Second, we must close the equity gap by accessing the hardest-to-reach children, those who’ve missed vaccines, live in conflict zones, or face multiple layers of exclusion and vulnerability. That means funding must be targeted, data must be disaggregated, and progress must be measured in lives saved, not just services delivered.
Finally, we need to rethink what leadership looks like. Bold leadership listens to communities, empowers frontline workers, and removes barriers, whether financial, gender-based, socio-cultural, or geographic.

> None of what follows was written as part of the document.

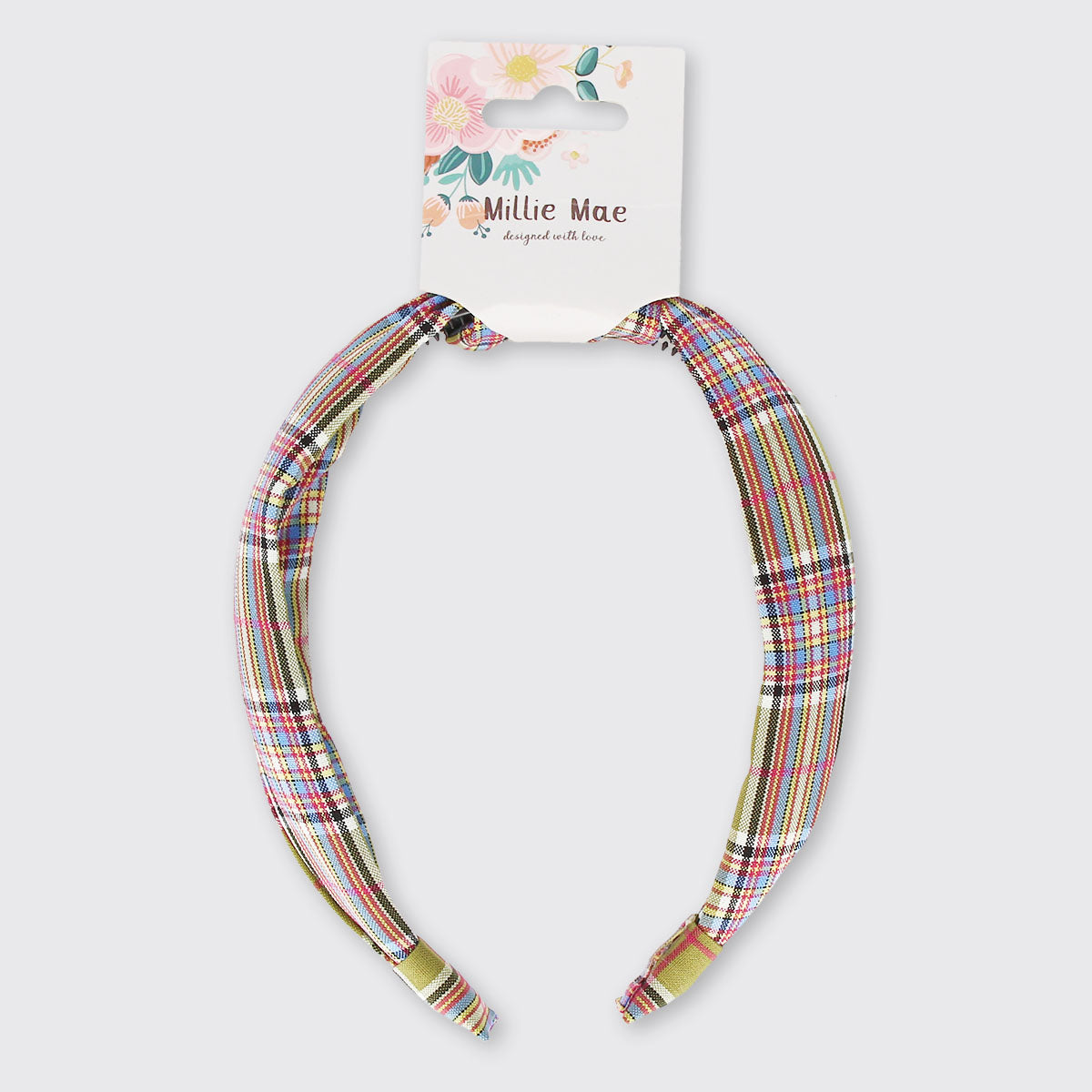 Tartan headband in a mix colour way. On trend style and very comfortable to wear. A must have hair accessory!

Accelerating child survival is not a question of whether we can. It’s whether we will. And that starts with political courage, sustained financing, strong and coordinated partnerships, and an unwavering commitment to every child’s right to life.
Malnutrition contributes to 45% of child deaths globally. What specific strategies will the forum explore to address malnutrition as a critical factor in child mortality?
Malnutrition is not just a cause of death; it’s a driver of illness, stunted growth, and developmental delays. It contributes directly to nearly half of all child deaths, and addressing it is essential for improving child survival.
At the recent Innovation and Action for Immunization and Child Survival Forum in Mozambique, we explored strategies that integrate nutrition into every stage of health care. This includes ensuring that pregnant women and infants receive the right nutrients from the start, strengthening community-based nutrition programs, and scaling up access to nutrient-rich foods and supplementation.
We also emphasized the importance of cross-sectoral action where nutrition is connected to clean water, sanitation, maternal health, and early childhood development. Affordable and sustainable solutions for nutrition must be scaled up to reach the most vulnerable populations, especially in rural and conflict-affected areas.
What are you personally hoping to contribute to – and take away from – the Innovation and Action for Immunization and Child Survival Forum, and how do you plan to apply these to accelerate progress in reducing preventable child deaths?
I’m excited to contribute by sharing UNICEF’s experience working with governments, partners, and communities to implement innovative, evidence-based solutions that ensure every child survives and thrives. This includes expanding immunization access, integrating nutrition and health services, and strengthening health systems in the hardest-to-reach areas.
From this important Forum, I take away new insights and partnerships that can help us scale up proven strategies, especially in areas where progress has been slower. The opportunity to exchange ideas and learn from other innovators is invaluable. I’m particularly focused on how we can better leverage digital tools, community health workers, and local leadership to accelerate our response and ensure equity.
Ultimately, what we take away from this Forum must lead to action on the ground. Which means applying the knowledge and connections discussed in Maputo this week, to continue to push for collective political will, financing, and systems needed to make preventable child deaths a thing of the past. The time is now. There is no other option.